1:55 pm on Dec 17, 2003 (gmt 0)

10+ Year Member



Hmm.. now once the beta of print.google.com goes officially live, most of these affiliate sites concentrating on books might suffer a decrease in their revenue.

Surely G has something up their sleeves for other product categories also. So its a step by step process!

Any ideas? on the effect of Google new initiative print.google.com on these afiiliate sites.

Cheers

abbeyvet

3:03 pm on Dec 17, 2003 (gmt 0)

WebmasterWorld Senior Member 10+ Year Member



On a very specialised site I run I was using "Recommeneded Books" type links to Amazon and they did okish. Maybe a day's worth of Adsense income in a month.

I recently changed to using Web Services, with a shopping cart on our site and the user only transferred to Amazon at checkout.

The difference has been stunning. Income has increased by a factor of about 10 and though the change is less than 6 weeks old it is not a Christmas present type topic, in fact if anything it is less likely that people would buy when they are in gift buying mode.

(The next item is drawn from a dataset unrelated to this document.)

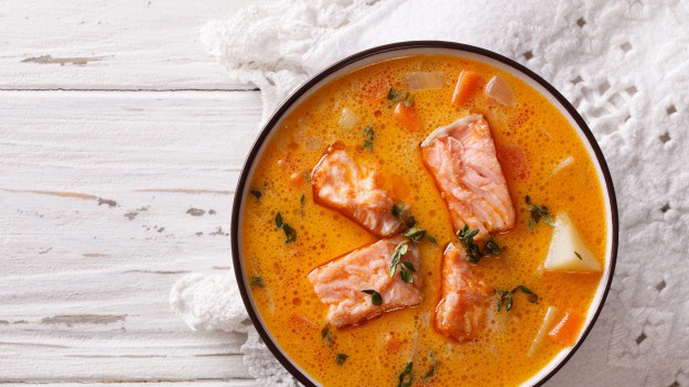 - Cebule i czosnek siekamy. Koper włoski i seler kroimy w kostkę wielkości 1 x 1 cm. Warzywa przesmażamy w garnku z rozgrzaną oliwa. Dodajemy ostrą i słodką paprykę, przecedzony wywar z ości, pomidory pelati. Gotujemy ok. 30 minut. Doprawiamy do smaku solą i pieprzem. Krewetki obieramy i oczyszczamy. Filety kroimy na mniejsze kawałki. Pod koniec gotowania dodajemy krewetki, małże i kawałki ryb. Gotujemy ok. 2-3 minut.

It took a little time to set up as in addition to displaying all results in relavent Amazon categories we spent quite a bit of time creating custom categories where books and other items we know will be of particular use and interest to our users are organised for them in a different (better!) way than they are on Amazon. We also post new titles and recommendations that change weekly. It is work, but it works.

Basically I think if you have a well targetted site with, as a result, well qualified traffic for what you offer through Amazon, and then make it very easy for people to find stuff they want, they will buy it and you will earn decent money.

It's certainly more effort than Adsense, but it is a worthwhile addition to a range of revenue streams.